◆ **What is required**
Reproduce the opening lines of the listing below exactly, stopping after the line that contains "Маратон на четенето" and leaving out any pictures.

....

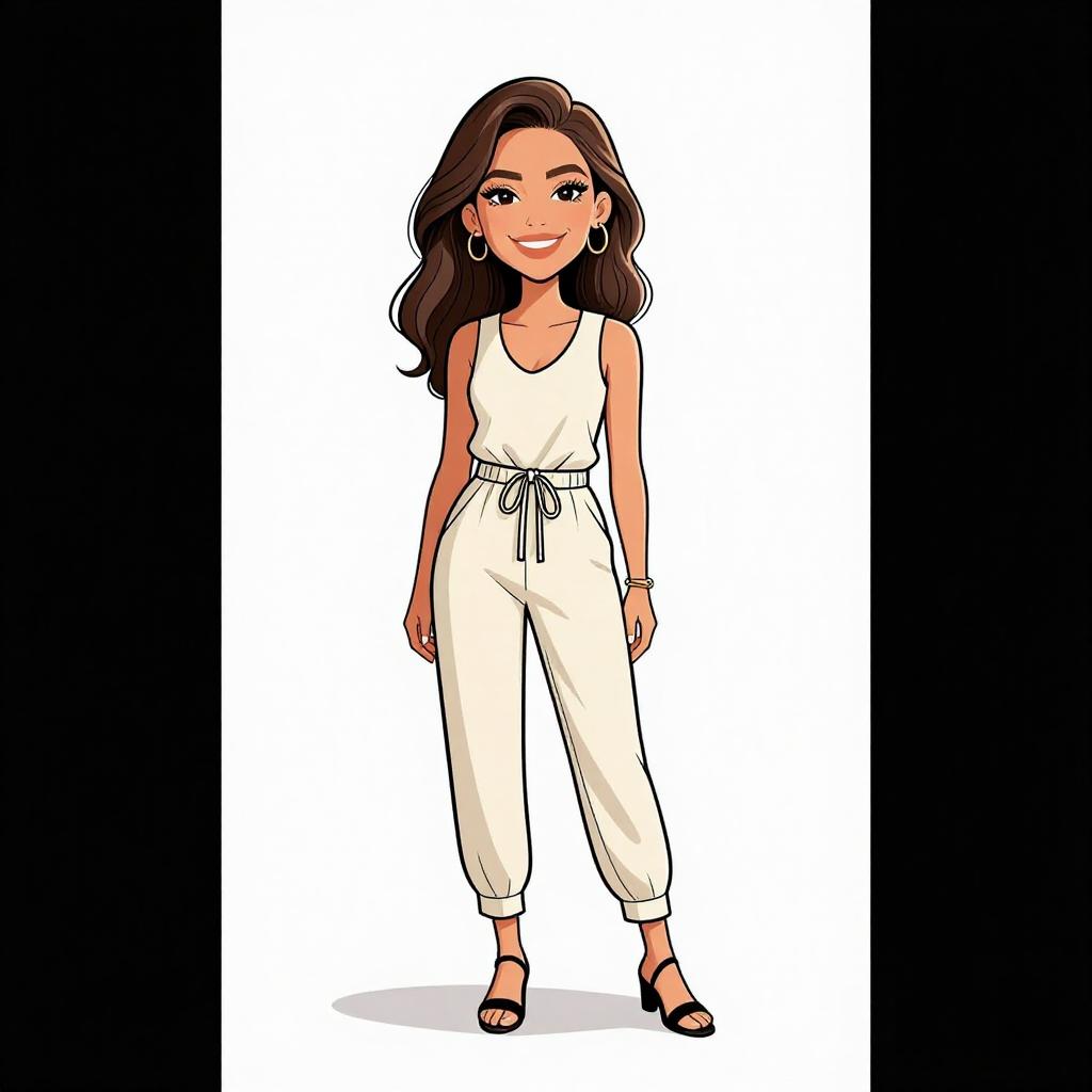 Digital illustration of a smiling woman with long brown hair, wearing a white sleeveless jumpsuit, black sandals, and hoop earrings, standing on a white
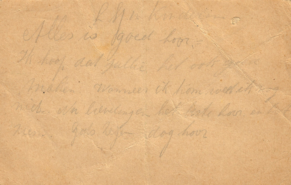Losse zinnetjes, grotendeels half leesbaar. Je moet turen en turen voor je de betekenis achter die flauwe grijze lijntjes op dat gelige papier kunt ontcijferen. Deze briefkaart van Arie is hét ‘oorlogsdocument’ van de Diepraams. Sjoukje heeft hem altijd bewaard.
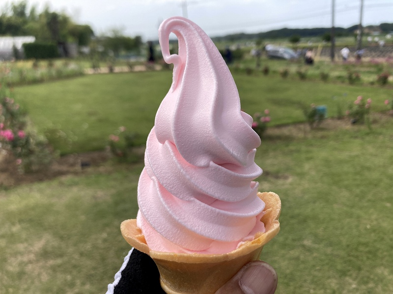 僕はきつい香水が苦手でバスボムショップがあると逃げます(笑)でも、ラベンダーソフトは美味しかったので、バラソフトにチャレンジしてみました。味は普通のソフトクリームですが、ほんのりバラの香りがする程度で美味しかったです。並んでるお客さんも「ラベンダーとストロベリーどっちにする?」とバラソフトがメニューにないので気にもしてないみたいです。もったいないから今度からメニューに書きましょうね〜
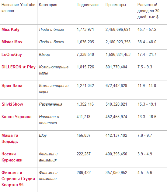 По данным издания «Экономическая правда», ссылающейся на сайта vspstats.com который принадлежит компании VSP Group, официальной российской партнерской программе YouTube, первая десятка украиснкого видеоблогерства в 2016 году выглядела следующим образом:
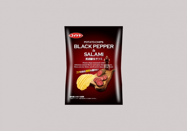 旨みと刺激が“オトナ専用”コクのある濃厚な味わいをお酒とともに嗜む「ポテトチップス 黒胡椒&サラミ ウェーブタイプ」
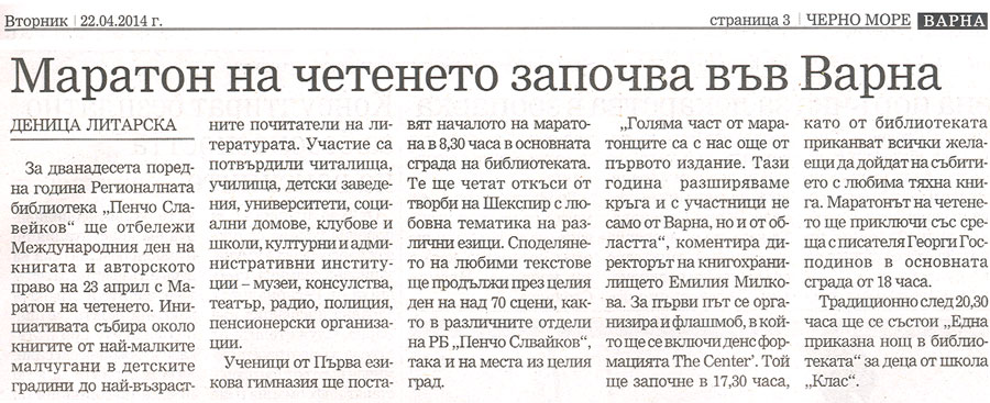 Маратон на четенето във Варна. // Varna24.bg, 23 април 2014
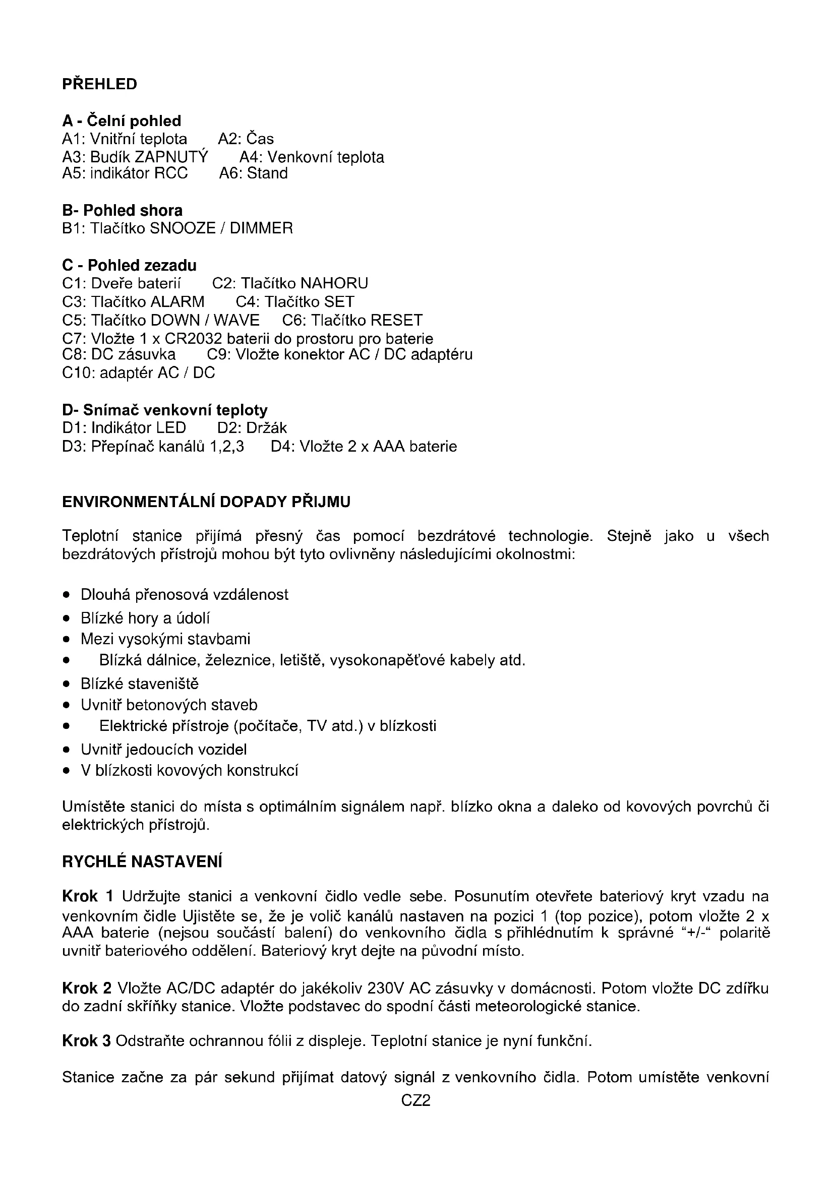 TEPLOTNÍ STANICE LED S RÁDIOVĚ ŘÍZENÝMI HODINAMI A BUDÍKEMCZ2 PŘEHLED A - Čelní pohled A1: Vnitřní teplota A2: Čas A3: Budík ZAPNUTÝ A4: Venkovní teplota A5: indikátor RCC A6: Stand B- Pohled shora B1: Tlačítko SNOOZE / DIMMER C - Pohled zezadu C1: Dveře baterií C2: Tlačítko NAHORU C3: Tlačítko ALARM C4: Tlačítko SET C5: Tlačítko DOWN / WAVE C6: Tlačítko RESET C7: Vložte 1 x CR2032 baterii do prostoru pro baterie C8: DC zásuvka C9: Vložte konektor AC / DC adaptéru C10: adaptér AC / DC D- Snímač venkovní teploty D1: Indikátor LED D2: Držák D3: Přepínač kanálů 1,2,3 D4: Vložte 2 x AAA baterie
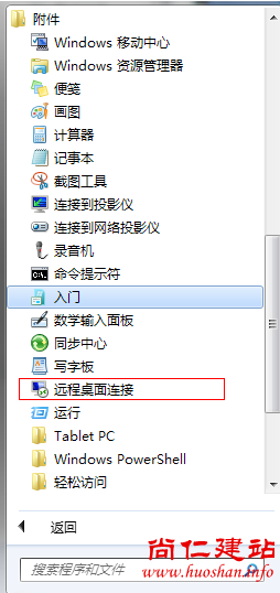 1、选择“开始菜单”-“所有程序”-“附件”->“远程桌面连接”
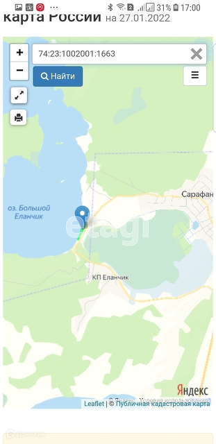 Продается земельный участок 1,76 га, в санаторно-курортной зоне, расположенный на берегу озера Большой Еланчик. Данный участок вытянут вдоль озера. Расположен между Закрытым поселком Еланчик и д. Сарафаново. Берег данного участка имеет заболоченность. Участок граничит с лесным массивом. Живописное озеро, пятое по чистоте воды озеро в Челябинской области. Является гидрологическим памятником живой природы. Особо охраняемая природная территория Челябинской области. Вода в озере лечебная, по составу — минерально-щелочная. Прекрасное место для инвестирования.
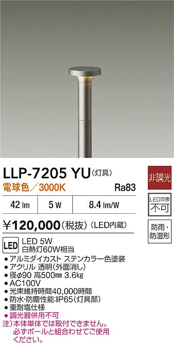 大光電機(DAIKO) LLP-7205YU アウトドアライト ガーデンライト 非調光 電球色 灯具本体 ポール別売 防雨・防湿型 ステンカラー [llp-7205yu]
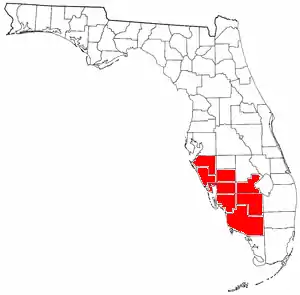 Definitions of the region vary, though its boundaries are generally considered to put it south of the Tampa Bay area, west of Lake Okeechobee, and mostly north of the Everglades and to include Manatee, Sarasota, Charlotte, Lee, and Collier counties. For some purposes, the inland counties of DeSoto, Glades, and Hendry, and the thinly populated mainland section of Monroe County, south of Collier, are also included.[1]

....

◆ **Response area**
 Digital illustration of a smiling woman with long brown hair, wearing a white sleeveless jumpsuit, black sandals, and hoop earrings, standing on a white
Losse zinnetjes, grotendeels half leesbaar. Je moet turen en turen voor je de betekenis achter die flauwe grijze lijntjes op dat gelige papier kunt ontcijferen. Deze briefkaart van Arie is hét ‘oorlogsdocument’ van de Diepraams. Sjoukje heeft hem altijd bewaard.
 僕はきつい香水が苦手でバスボムショップがあると逃げます(笑)でも、ラベンダーソフトは美味しかったので、バラソフトにチャレンジしてみました。味は普通のソフトクリームですが、ほんのりバラの香りがする程度で美味しかったです。並んでるお客さんも「ラベンダーとストロベリーどっちにする?」とバラソフトがメニューにないので気にもしてないみたいです。もったいないから今度からメニューに書きましょうね〜
 По данным издания «Экономическая правда», ссылающейся на сайта vspstats.com который принадлежит компании VSP Group, официальной российской партнерской программе YouTube, первая десятка украиснкого видеоблогерства в 2016 году выглядела следующим образом:
 旨みと刺激が“オトナ専用”コクのある濃厚な味わいをお酒とともに嗜む「ポテトチップス 黒胡椒&サラミ ウェーブタイプ」
 Маратон на четенето във Варна. // Varna24.bg, 23 април 2014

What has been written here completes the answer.